Tu as toujours été la plus rapide
C’est par cette phrase amusée qu’il l’accueillit quand elle entra dans la chambre de l’hôpital.
Il avait à peine eu le temps de rassurer son fils et de raccrocher qu’elle était déjà arrivée.
Combien de fois les avait-elle précédés sur les chemins, combien de fois avait-elle devancé ses désirs, combien de fois avait-elle pressenti avant eux les écueils à éviter, les directions à prendre.
Ce n’est qu’au début de leur relation qu’il avait été le premier à savoir qu’elle l’accompagnerait toujours.
Bien des choses lui échappaient à présent ; impression fugace d’être en fugue perpétuelle avec lui-même. Toujours il partait vers des souvenirs lointains, et toujours il revenait à un présent incertain dont les contours lui échappaient de plus en plus fréquemment.
Sa présence le rassurait, il la regardait comme un ancrage d’une bienfaisance vitale. Ils avaient vieilli ensemble et les images de leur jeunesse se superposaient sans cesse, troublant ses repères. Ses cheveux blancs, sa silhouette épaissie n’effaçaient pas ses traits rieurs et joyeux de leurs années de folles randonnées.
As-tu rangé la serviette blanche en nid d’abeille que j’avais sur l’épaule ? Il la regarda. Oui il fallait la rapporter à l’hôtel pensa-t-il, soudain inquiet. Elle le calma.
Il se sentit fatigué, fatigué d’avoir gravi ce paysage de montagne accroché au mur ; le bruit de l’eau lui arrivait par saccades, le parfum des genêts et des asphodèles le fit sourire. Les bambous s’élevaient avec légèreté et l’emmenaient vers les chemins.
Il faudra bien graisser mes chaussures, dit-il. Oui toujours bien graisser la peau quand elle a pris l’eau.
Il se renversa sur ses oreillers, se sentit en sécurité quand elle lui prit la main. Le contact de sa paume serrée contre la sienne le fit s’évader de nouveau. Toujours elle le tenait pour descendre les roches escarpées. Plus jeune de quelques années seulement, elle était beaucoup plus alerte. Son énergie le gagnait. Les pentes abruptes des montagnes de Chine se gravissaient allègrement, jusqu’aux monastères en haut des cimes.
Où ai-je mis mon bonnet jaune ?
Il se leva avec difficulté pour s’assurer qu’il se trouvait dans son placard. Elle l’accompagna, lui sourit et le rassura : elle l’avait pris ce matin pour se réchauffer dehors mais lui rapporterait dès le lendemain matin. Il se recoucha, apaisé. Elle lui fit entendre un air de musique chinoise, elle avait compris qu’il parcourait à nouveau ces sentiers de marche qu’ils foulaient ensemble.
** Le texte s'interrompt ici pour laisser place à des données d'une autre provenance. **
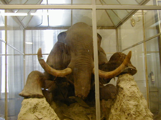 One other museum I had to see was the Museum of Natural History. This is the museum that has the 45,000 year old mammoth found frozen in the Siberian tundra. Other than what the wolves had eaten, it was intact. Finding the museum was easy, but finding the ticket office to the museum was a challenge. I finally noticed a small window off to the side of the building that people would stop by. I took a closer look and saw nothing that indicated it was a ticket office; it looked like a partially shuttered window to a dark room. But after watching a couple buy tickets I walked up to the window and put my money on the sill. A small old hand slowly reached out from the darkness and dragged the money back. It sort of looked like one of those gag boxes where you put a coin on top and a plastic hand comes out and grabs it. Then the hand slowly reappeared and slid a ticket out towards the edge of the sill. I took the ticket and went to the museum. Had I not been patient and determined I would not have figured out how to buy the entrance ticket. Russia has a lot to learn about marketing and customer service.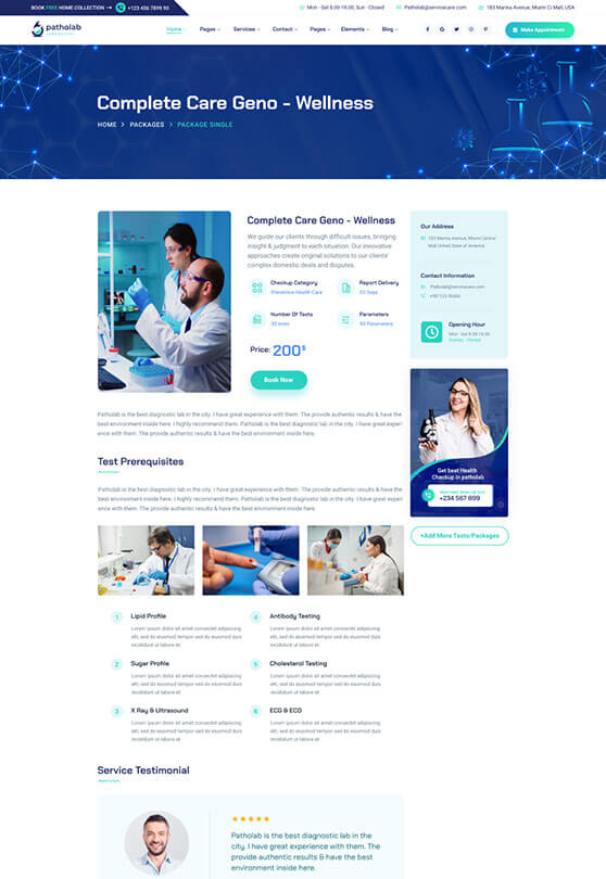 As packages ar are the most important features in a laboratory website, we have presented them in a versatile manner. As client you will get agreat exposure in the details page also.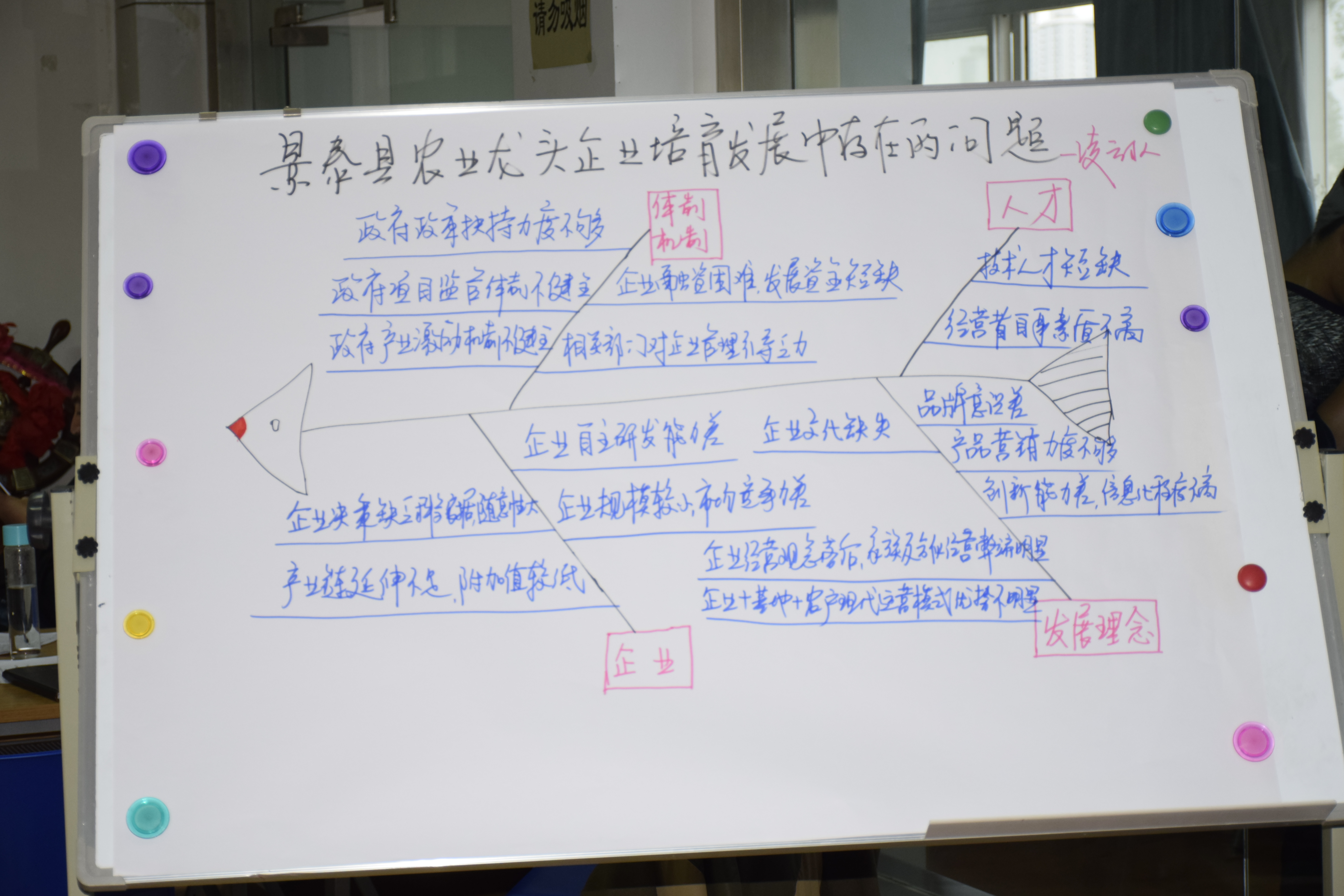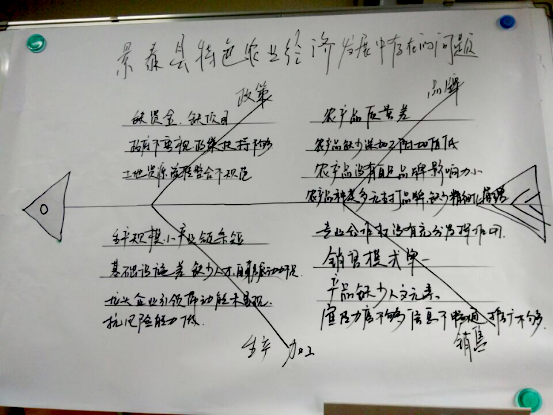 一是确定研讨主题。按照目前景泰县的发展现状,结合培训基地的课程安排,最终确定“景泰县县域经济发展中存在的问题及对策”研讨主题。二是开展三段式研讨。全体学员依次进行“列举现象、分析原因、提出对策”三段式研讨。以小组为单位,在催化师的引导下,各小组成员利用头脑风暴法列举出当前景泰县县域经济发展中存在的突出问题,然后各小组按照团队列名法,通过轮流发言,大家在对类似观点进行归并的基础上,以举手表决的形式,对问题进行重要程度排序,产生本组一致认可的重点问题。针对这些重点问题,每位学员依次分析、探寻存在这些问题的深层次原因,聚焦主要原因,找出问题的症结。通过找原因,整理归类,各小组将研讨结果最终以鱼骨图的形式展示给大家。随后,每位学员献计献策,分别提出解决景泰县县域经济发展存在的问题对策。催化师结合学员意见进行归类,形成能代表大部分学员看法的对策意见。三是汇报各组成果。各小组通过“四副眼镜法”展开小组讨论。各组发言人扮演“白眼镜”,即正面角色依次汇报本组研讨过程和研讨成果。其他三个小组分别扮演“黑眼镜”“显微镜”“望远镜”,即反面角色、执行者角色、领导者角色从不同视觉看问题,分析问题,从而得到对问题的完整认识。

Elle aussi se rappelait ces années de randonnées lointaines. Souvent il la replongeait, malgré elle, dans cette nostalgie du bonheur perdu. Cette maladie est cruelle. Elle éloigne les êtres alors même que la présence est encore plus forte, plus pesante.
En face d’elle, son Manouk s’imposait, de tout le poids de son corps branlant et pourtant rien de ce qu’il avait été n’existait plus.
Certes il la reconnaissait encore, souriait à son arrivée, lui adressait quelques remarques qui parfois faisaient sens ; ce monastère des Bonnets jaunes avec ses moulins de prière, ses façades blanches tout en haut de ses immenses escaliers, qu’ils avaient franchi ensemble. Elle riait de toujours le devancer. C’était un jeu entre eux.
Pourra-t-elle un jour revivre des moments comme ceux-là ? La dérive de ses pensées à elle était bien consciente.
Elle s’ancrait d’autant plus dans le réel que la charge du quotidien se faisait de plus en plus lourde.
Tous les après-midis elle venait le voir mais repartait toujours vaincue. Elle savait que son degré de conscience devenait de plus en plus évanescent.
Tandis qu’il l’emportait parfois dans ses délires, elle, se contentait de regarder les cadres de leurs photos anciennes.
Il lui vint alors l’idée de s’inscrire à un cours de qi qong, un moyen peut-être de retrouver de l’équilibre dans la continuité de leur vie.